Jamie Oberg, News 9
PUTNAM CITY, Oklahoma -- Thousands of Oklahoma's finest can't come home for holidays. They'll be fighting overseas. News 9 discovered a special surprise the 45th will get from high school students in the metro.
It started with one teacher, who is a retired Marine. On Veteran's Day, he told Putnam City students about spending holidays alone, getting letters from home first in Vietnam, then Desert Storm.
He thought some kids might be moved to write to the troops this year, but was overwhelmed by what happened next.
It's just a pile of letters, all written by high schoolers. At first they all look and sound similar.

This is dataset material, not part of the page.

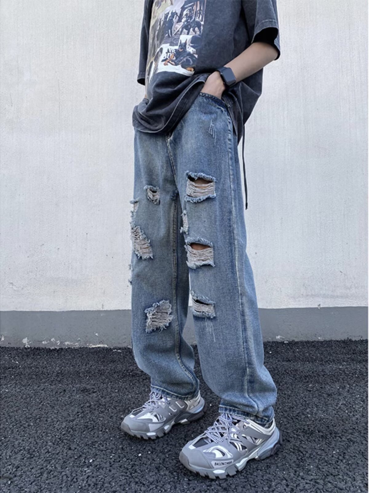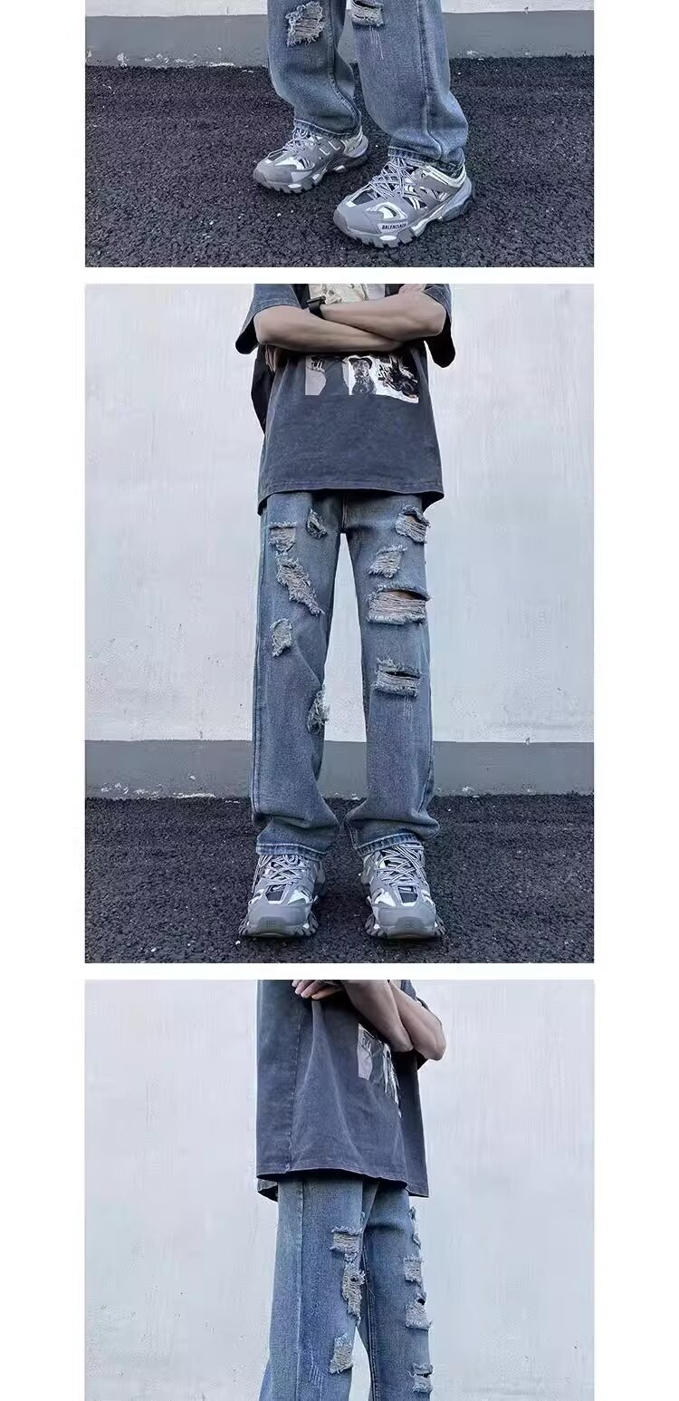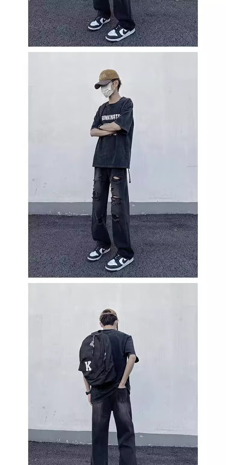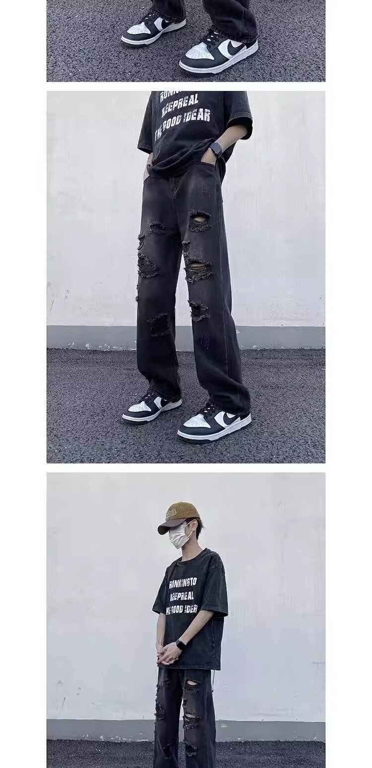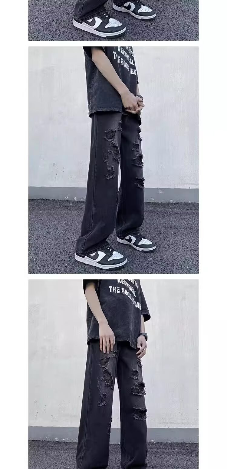 아메리칸 바이브 레트로 블랙 스트레이트 레그 찢어진 청바지, 슬림하고 멋진 남성용 틈새 로우 엣지 디스트레스드 디자인 바지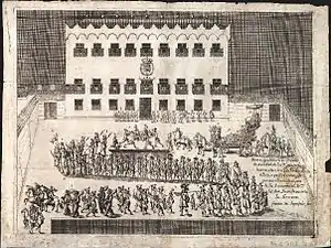 King Philip IV confiscated the building in 1652 and purposed it to serve as the new residence of the Viceroy of Catalonia (also known as Lieutenant) moving from the Palau del Lloctinent. By order of Viceroy Vicente Gonzaga Doria a new palace was constructed between 1668 and 1688. The architect was Josep de la Concepció, a Carmelite monk, who designed a baroque building. The palace had a quadrangular plan with a central courtyard, three levels with balconies and a facade with Gothic elements. Of the interior, the main hall, called Sala de Festes, stood out, with a rectangular floor plan and two floors high. In 1700, by initiative of viceroy Prince George of Hesse-Darmstadt a connection was added to the Santa Maria del Mar church. During the War of the Spanish Succession Archduke Charles of Habsburg was installed as king of Spain in the building in 1705. Three years later, he married Elisabeth Christine of Brunswick-Wolfenbüttel in the Santa Maria del Mar in 1708. They resided in the palace until 1711, when they left for Vienna in Austria. With the Nueva Planta decrees the office of the viceroy was abolished, and the palace became the residence of the Captain General of Catalonia. The palace got a façade in a neoclassical style in 1771, designed by the architect Juan Miguel de Roncali.

"These letters, when I started reading them, you know, an old sergeant, it brought tears to my eyes," History teacher Richard Heard said.
The Veteran and history teacher wants to prepare Major General Myles Deering for what he's about to deliver to his Oklahoma soldiers.
"I never thought this would get this large, started coming in and students writing, it just snowballed," Heard said.
This is not a homework assignment. Dig a little deeper into these piles, these letters aren't just from high school strangers.
"It's hard enough having them fighting being afraid of what might happen to them when they're over there," said Ruth Key, whose father is in the U.S. Air Force.
"This has been a tough deployment for our soldiers; this kinda stuff goes a long way, so thank you," Major General Myles Deering said.
Thousands of hearts are writing to Afghanistan from home. Dear soldiers, with love from Oklahomans of all generations.
The Mission is mailing now, if everything goes well with the post office, Oklahoma National Guard troops will get 2,000 letters from Putnam students in time for Christmas.
As OSU and OU prepare to go to battle, they will be united in their support for our troops. Look for both sides of the line to have the 45th's historic Thunderbird emblem on the back of their helmets in Stillwater Saturday night.
"They have their flags hanging up for OU or OSU, they do the Bedlam thing over there, but you know at this point in time it's not about that, it's insignificant who wins," Deering said. "It's about being an Oklahoman and sharing the spirit of Oklahoma with everybody."